International Tobacco E.C. Agreement—On July 9, 2004, PMI entered into an agreement with the European Commission (“E.C.”) and 10 member states of the European Union that provides for broad cooperation with European law enforcement agencies on anti-contraband and anti-counterfeit efforts. The agreement resolves all disputes between the parties relating to these issues.
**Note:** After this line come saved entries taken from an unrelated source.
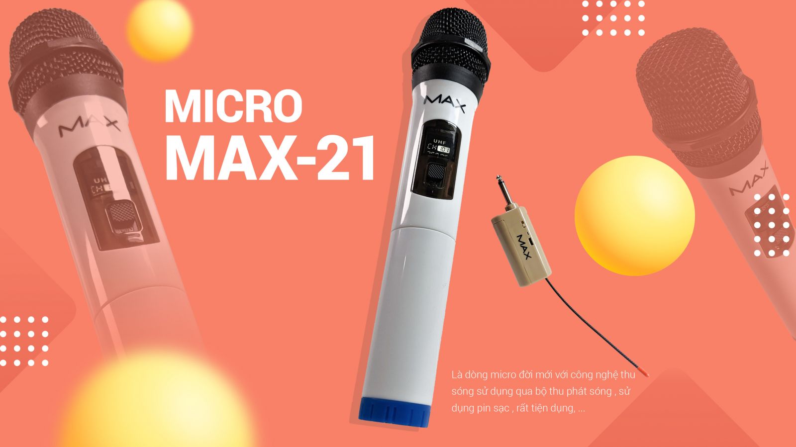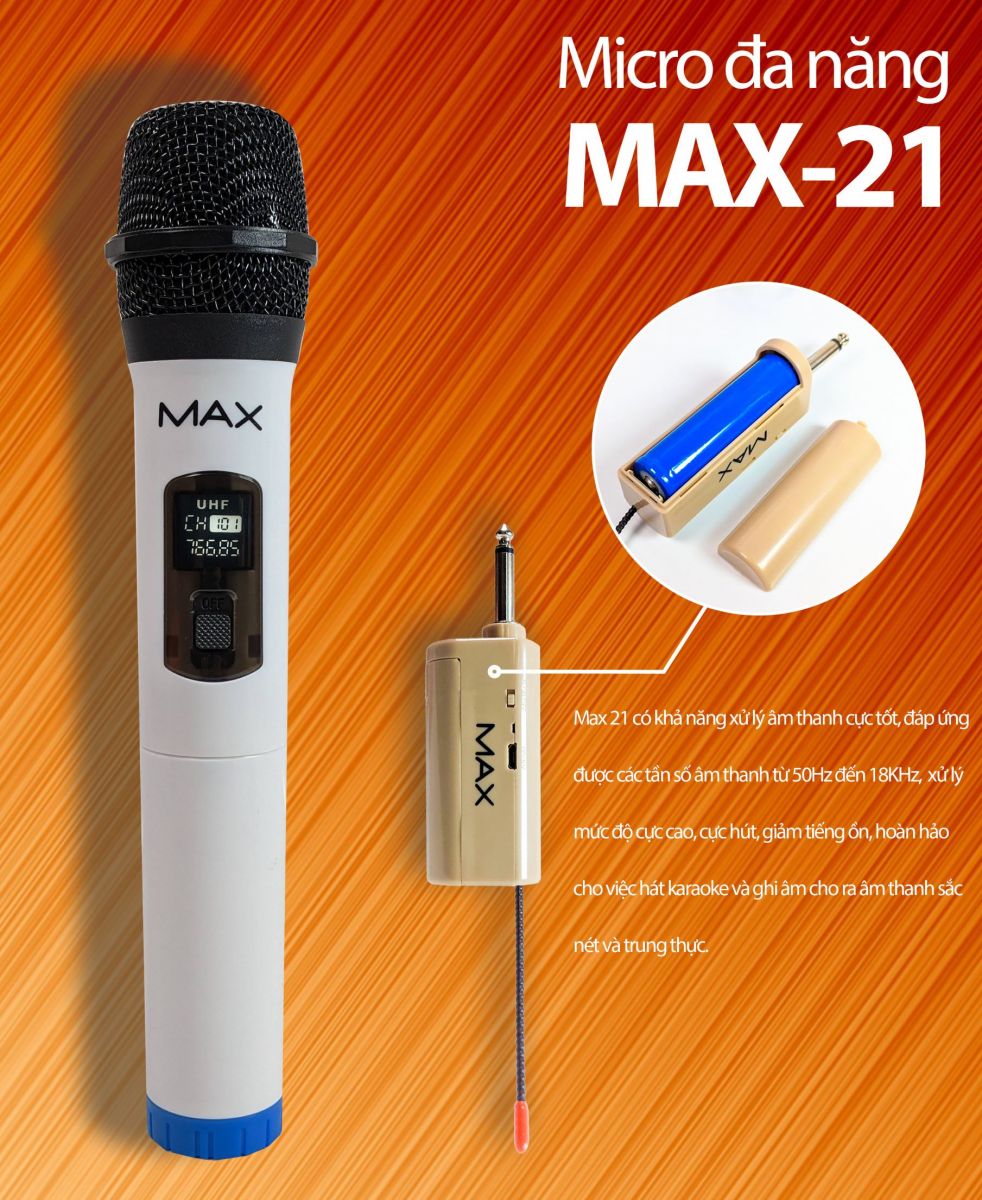 Để hát Karaoke thả ga, một chiếc micro hiện đại, tiện nghi, cho chất giọng hay là không thể thiếu. Hãng Max giới thiệu tới người dùng dòng micro không dây Max 21, kết nối không dây đơn giản, nhanh chóng, đầu thu sử dụng pin sạc dung lượng lớn đảm bảo hoạt động bền bỉ, hát thả ga mà không cần sạc quá nhiều lần. Micro hát Karaoke Max 21 là dòng sản phẩm cao cấp hiện nay mà bất cứ gia đình, quán hát hay các cuộc vui chơi không thể thiếu.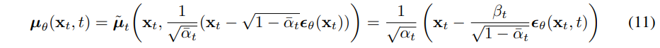 [식 10]을 통해 $\mu_{\theta}(x_t(x_0, \epsilon), t)$는 다음과 같은 형태를 가질 때 가장 적합하다는 것을 알 수 있습니다.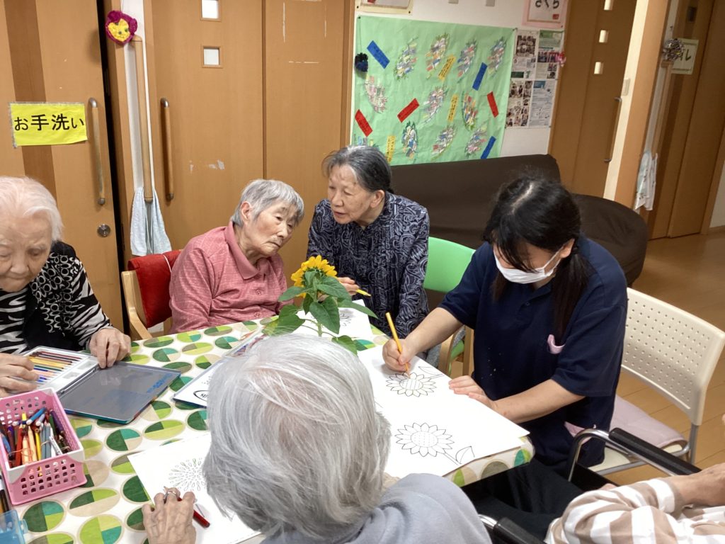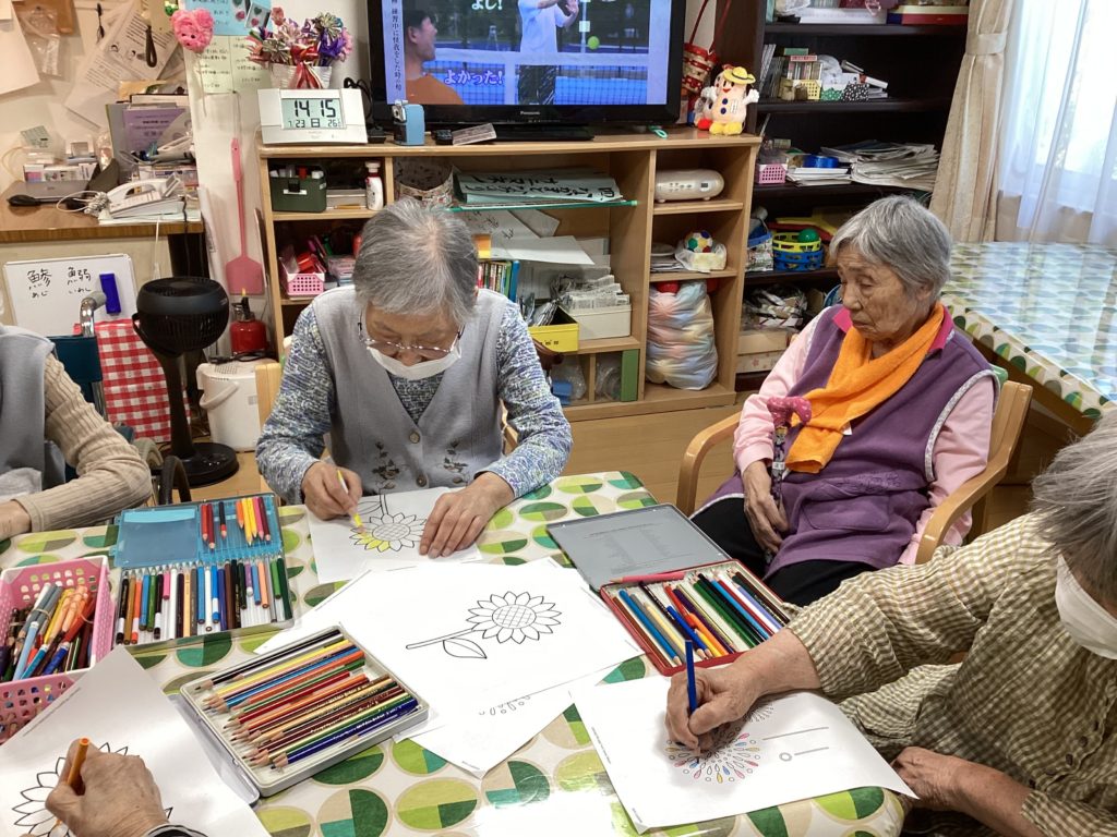 皆様一生懸命に向日葵に色を塗っていらっしゃいます(^▽^)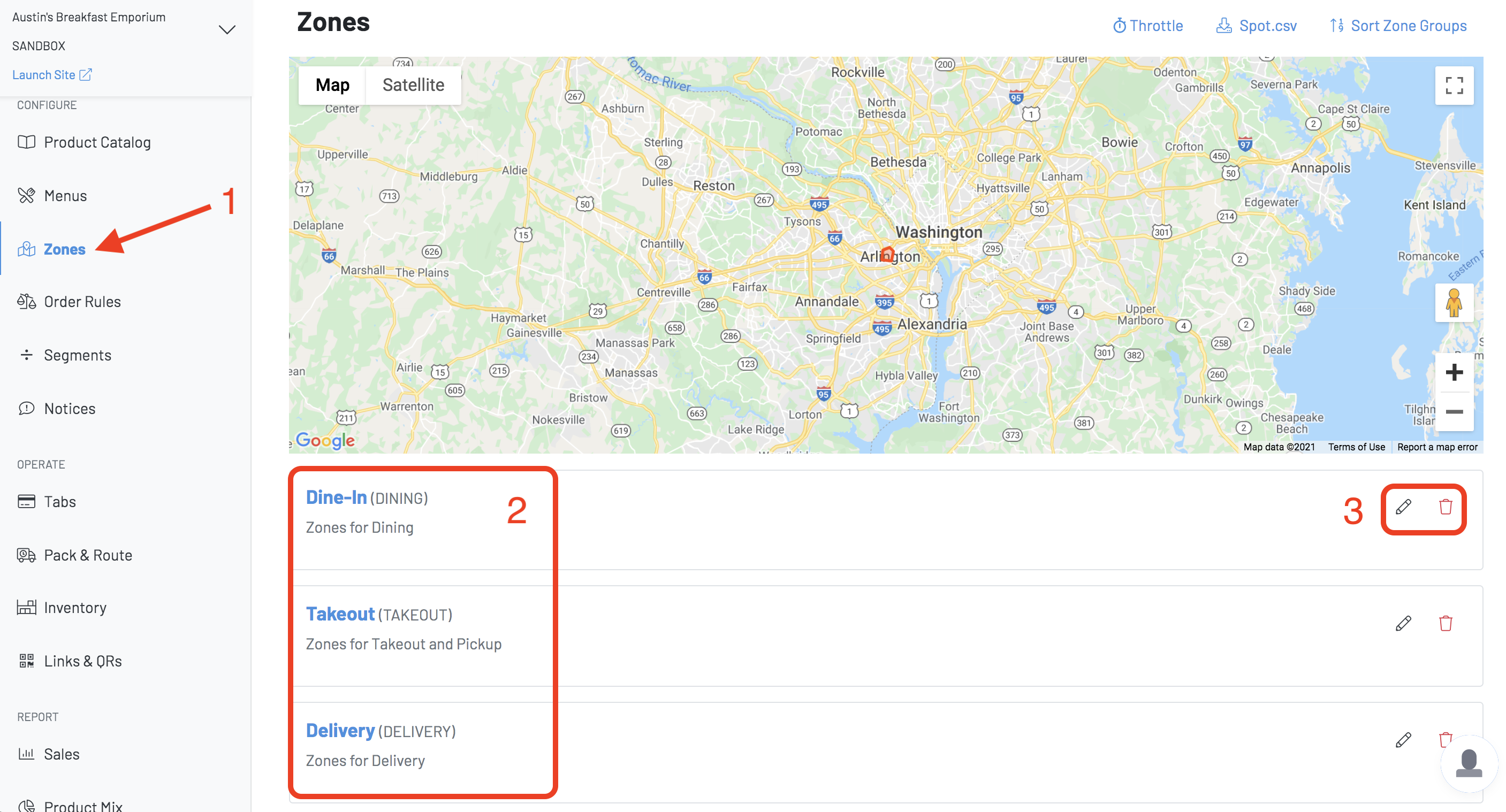 (2) These are your Zone Groups. They are simply containers for each Zone type and can be renamed for the guest facing side for example: “Curbside” vs “Takeout”. Any name changes to Zone Groups are strictly cosmetic.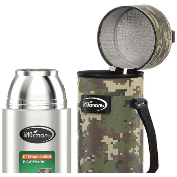 Термос из нержавеющей стали 18/8 (AISI 304) с ситечком для заваривания и пробкой-контейнером. Пробка с дополнительной изоляцией и функцией «термоконтроль» позволяет наливать напитки без полного откручивания пробки под любым углом. Ситечко из высококачественной нержавеющей стали 18/8. Дополнительная чашка из прочного пищевого пластика. Термочехол из прочной камуфляжной ткани защищает термос от повреждений и повышает его термозащиту.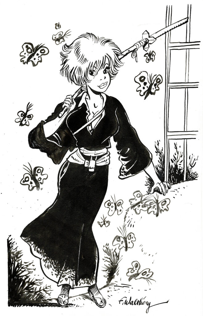 Natacha Samouraï, dessin original à l’encre de chine réalisé pour une sérigraphie parue chez Lorbaflo. Cachet de Walthéry au verso. Dimensions : 42 cm x 27,5 cm.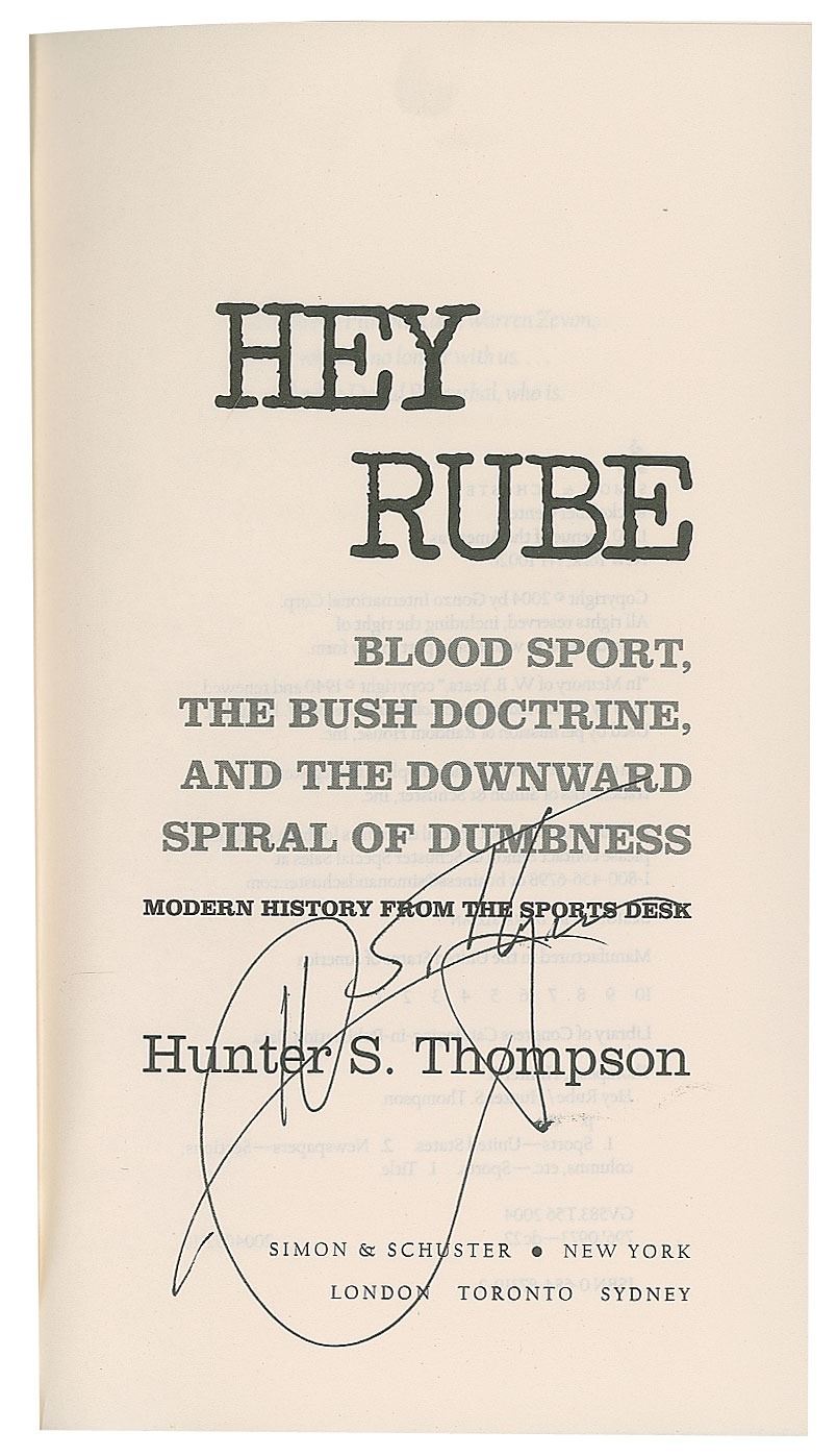 Signed book: Hey Rube. First edition. NY: Simon & Schuster, 2004. Hardcover with dust jacket, 5.5 x 9.5, 246 pages. Signed on the title page in black ink by Hunter S. Thompson. In very fine condition. Accompanied by a press release for a Thompson book signing at Book Soup in Santa Monica on October 18, 2004.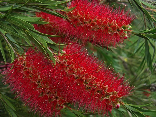 Название происходит от греческих слов «красивый» и «тычинка». Яркие длинные тычинки создают основной эффект во время цветения. Около 25 видов небольших вечнозеленых деревьев или кустарников. Каллистемоны произрастают в Австралии, Тасмании и Новой Каледонии, большей частью на влажных песчаных почвах, по берегам рек, нередко на каменистых сухих склонах. В комнатной горшечной культуре встречаются нечасто, хотя их выращивание не представляет большого труда. Цветоводы-любители чаще всего выращивают каллистемоны иволистный, красивый, лимонный. Каллистемон иволистный. Родина — Новый Южный Уэльс, Южная Австралия; растет по берегам рек. Кустарник или небольшое дерево с серовато-зелеными листьями. Цветки собраны в плотные цилиндрические колосья. Основную часть цветка составляют многочисленные длинные торчащие тычинки, из-за которых колосья становятся похожими на бутылочные «ершики». В зависимости от окраски тычинок они бывают ярко-красные, реже желтые или кремовые. Ось колоса после окончания цветения продолжает расти как обычный вегетативный побег, на котором год спустя, снова появляются соцветия. Плоды — деревянистые коробочки, шаровидные или яйцевидные — плотно облепляют веточки и долго не раскрываются, оставаясь на них 2 года и более. Каллистемон красивый. Родина — Западная Австралия. Кустарник или невысокое дерево с ребристыми побегами, с листьями до 10 см длиной. Цветочные колосья очень густые, одни из самых крупных в роде — длиной 7—12 см (до 15 см), шириной 5—6 см, очень декоративны благодаря интенсивно-красным тычиночным нитям, оканчивающимся ярко-желтыми пыльниками. Тычинки длиной 2—3 см. Один из самых красивых в этом роде. Каллистемон лимонный. Родина — Юго-Восточная Австралия. Кустарник высотой до 3 м (редко выше) с прямостоячими или распростертыми ветвями, молодые экземпляры шелковистоопушенные. Листья линейные, ланцетные или обратноланцетные, на верхушке острые; иногда с ос- троконечием, длиной 5,5—8,5 см, шириной 6 мм и более, жесткие, с выступающими средней и боковыми жилками и многочисленными точечными железками, которым растение обязано тонким лимонным ароматом. Цветочные колосья довольно рыхлые, длиной 9—10 см, 6—7,5 см в диаметре, темно-шарлахово-красные. Тычинки длиной 3 см, в числе 50—60, располагаются в 2 круга. Пыльники одного цвета с тычиночными нитями, но более темные. Самый популярный в культуре вид рода, который цветет в раннем возрасте. Каллистемон лимонный может расти в комнатных условиях, но в больших деревянных ящиках; летом его необходимо выставлять наружу. Молодое растение выпускает 10-сантиметровые соцветия, напоминающие «ерш» для мытья бутылок. Местоположение: с середины мая лучше всего на открытом воздухе на солнечном месте; зимой в светлом и холодном помещении при температуре 6—10°С, не выше; растение переносит сухой воздух. Полив: летом почва должна быть постоянно слегка влажной; поливать только мягкой водой; зимой поливают очень мало. Земельная смесь: состоит из дерновой, листовой и перегнойной земли, взятых в равных частях, с добавлением песка (0,5 части), реакция почвы должна быть слабокислой. Подкормка: с весны до позднего лета каждые 2 недели вносят удобрение для цветов. Размножение: летом верхушечными черенками, за исключением каллистемона лимонного. Сеянцы его растут медленно и долго, прежде чем 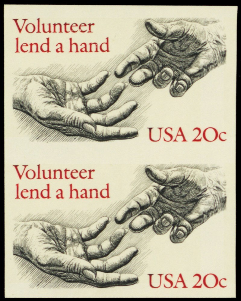 2039a, MNH 20¢ Volunteer Lend a Hand Imperforate Pair ERROR - Stuart Katz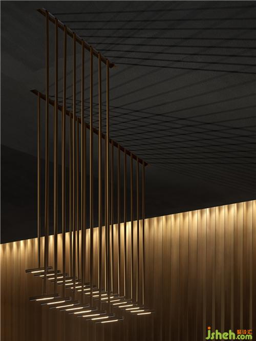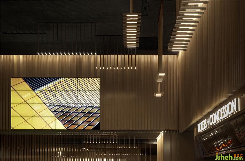 大堂中也以此方式來(lái)設(shè)計(jì)不同功能區(qū)之間的隔斷,分開(kāi)大堂和入場(chǎng)通道。層層疊疊錯(cuò)落的格柵效果,產(chǎn)生另外一種特殊的光影視覺(jué)。我們也將“琴弦”的概念延續(xù)設(shè)計(jì)出了一款定制的燈具,一根根從天花上吊裝下來(lái)的燈具,通過(guò)不同的長(zhǎng)度和平行的排列方式。這種好似琴弦線一樣燈具,讓觀者時(shí)刻感受到這一設(shè)計(jì)的主題概念。電影院設(shè)計(jì)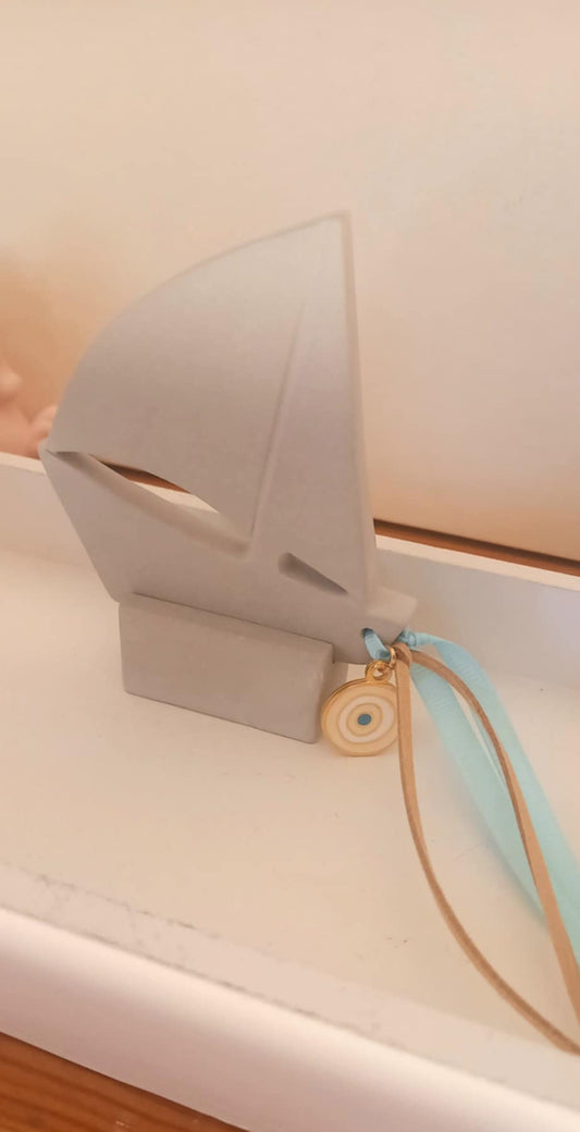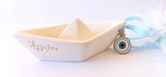 Μπομπονιέρα βάπτισης κεραμικό καράβι με όνομα, και μάτι
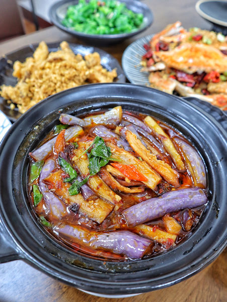 ▫️愛吃茄子的三姊、愛吃肥腸的我,一起在這道菜找到彼此。以砂鍋型式上菜,帶有辣味、鹹香下飯,肥腸作法講究先炸過,口感軟Q有嚼頭,光這一鍋就能扒光足足一整碗白飯。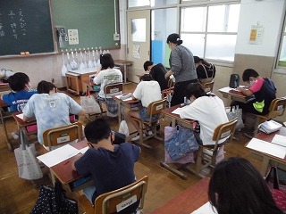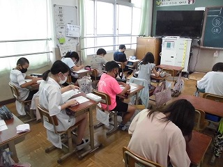 書写で硬筆に取り組みました。「竹取物語」を鉛筆を使って,文字の大きさや配列に気をつけて1行ずつ丁寧に書き写していました。見本を見ながら集中して,真剣に書いている様子がとても素晴らしかったです。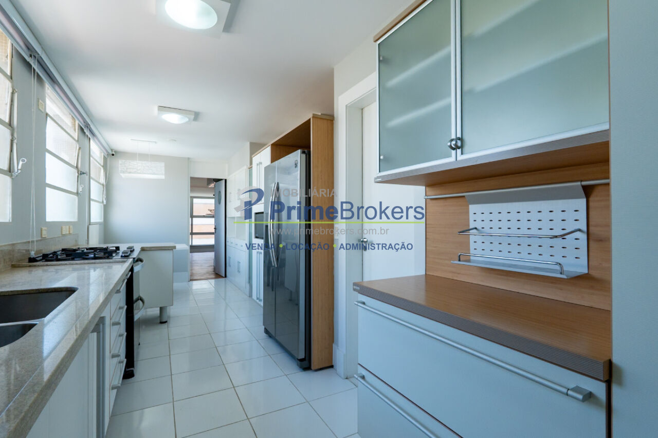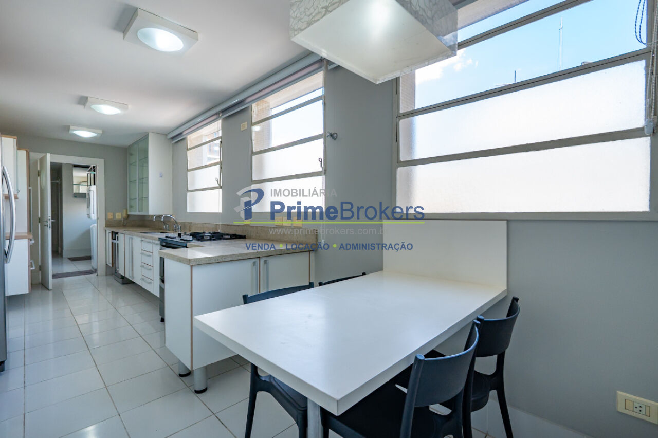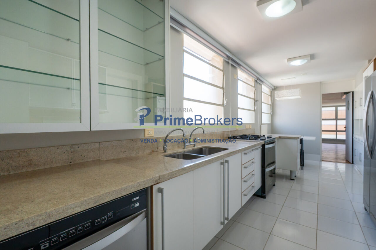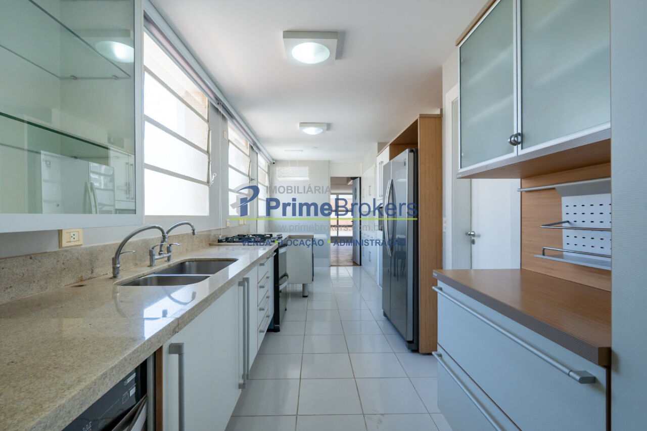 A cozinha assinada pela Kitchens, totalmente equipada e planejada com acabamentos de excelência, complementa o projeto com requinte e funcionalidade para um estilo de vida exclusivo. Ár. serviço completa com dormitório e banheiro para funcionários.

Under the terms of the agreement, PMI will make 13 payments over 12 years, including an initial payment of $250 million, which was recorded as a pre-tax charge against its earnings in 2004. The agreement calls for additional payments of approximately $150 million on the first anniversary of the agreement, approximately $100 million on the second anniversary and approximately $75 million each year thereafter for 10 years, each of which is to be adjusted based on certain variables, including PMI’s market share in the European Union in the year preceding payment. Because future additional payments are subject to these variables, PMI will record charges for them as an expense in cost of sales when product is shipped. During the third quarter of 2004, PMI began accruing for payments due on the first anniversary of the agreement.
Asset Impairment and Exit Costs—See Note 3. Asset Impairment and Exit Costs for a breakdown of asset impairment and exit costs by segment.